Turbocapitalist · 11-17-2022, 10:54 AM

Quote:

Originally Posted by littlebigman

This works:

Code:

perl -p -0 -e 's@<title>(.+?)</title>#<link>(.+?)</link>#<pubDate>(.+?)</pubDate>#@<li><a href="$2">$1 - $3</a></li>\n@mgsi' input.xml > output.html

Note the s///m and -0 mentioned earlier. Again, that is a very brittle approach and neither portable nor enduring. XML and SGML are not to be parsed with regex. You might get away with it with just the one feed, for a limited time, but in the long run it will break.

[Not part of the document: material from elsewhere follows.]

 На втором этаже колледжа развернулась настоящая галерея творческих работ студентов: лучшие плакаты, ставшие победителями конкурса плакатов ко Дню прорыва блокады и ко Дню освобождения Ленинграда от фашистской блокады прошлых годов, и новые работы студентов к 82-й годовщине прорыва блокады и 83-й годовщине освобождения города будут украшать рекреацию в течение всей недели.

See instead the example in post #7 above for a method which will work with all Atom or RSS feeds.

littlebigman · 11-17-2022, 10:58 AM

Thanks. I didn't see it because I didn't hit refresh before appending.

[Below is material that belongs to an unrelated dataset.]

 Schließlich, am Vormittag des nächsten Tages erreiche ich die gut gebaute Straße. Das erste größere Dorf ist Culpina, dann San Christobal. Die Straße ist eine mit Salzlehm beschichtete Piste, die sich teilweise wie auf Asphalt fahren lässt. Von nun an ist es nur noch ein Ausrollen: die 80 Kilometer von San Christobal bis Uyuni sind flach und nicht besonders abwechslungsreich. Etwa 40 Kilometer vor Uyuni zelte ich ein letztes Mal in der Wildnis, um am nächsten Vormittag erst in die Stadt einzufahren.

littlebigman · 11-18-2022, 04:37 AM

A bit simplified with Perl:

Code:

#Find relevant lines, and remove leading tabs
wget -qO - https://www.acme.com/feed/ | grep -Poha "^\t{2}<(title|link|pubDate)>.+</(title|link|pubDate)>$" | sed -r "s@\t@@g" > input.xml

#Build HTML file; header
echo '<!doctype html>' > feed.html
echo '<html><head><meta http-equiv="content-type" content="text/html; charset=utf-8">' >> feed.html
echo '<link rel="shortcut icon" href="https://www.acme.com/favicon.ico" title="Favicon" /></head>' >> feed.html
echo '<body><h1>My feed</h1><ul>' >> feed.html

#Build list of hyperlinks
perl -0777 -pe 's@^<title>(.+)</title>\R<link>(.+?)</link>\R<pubDate>(.+?)</pubDate>\R@<li><a href="$2">$1 - $3</a></li>\r\n@mg' input.xml >> feed.html

#footer
echo '</ul></body></html>>' >> feed.html

#clean
rm input.xml

chrism01 · 11-21-2022, 11:42 PM

I have to agree with "But trying to write your own RSS parser using line-based regex tools is the wrong approach."
Even if you can it to work once, it IS brittle.
Definitely use a proper parser module in eg Perl - you'll thank us later.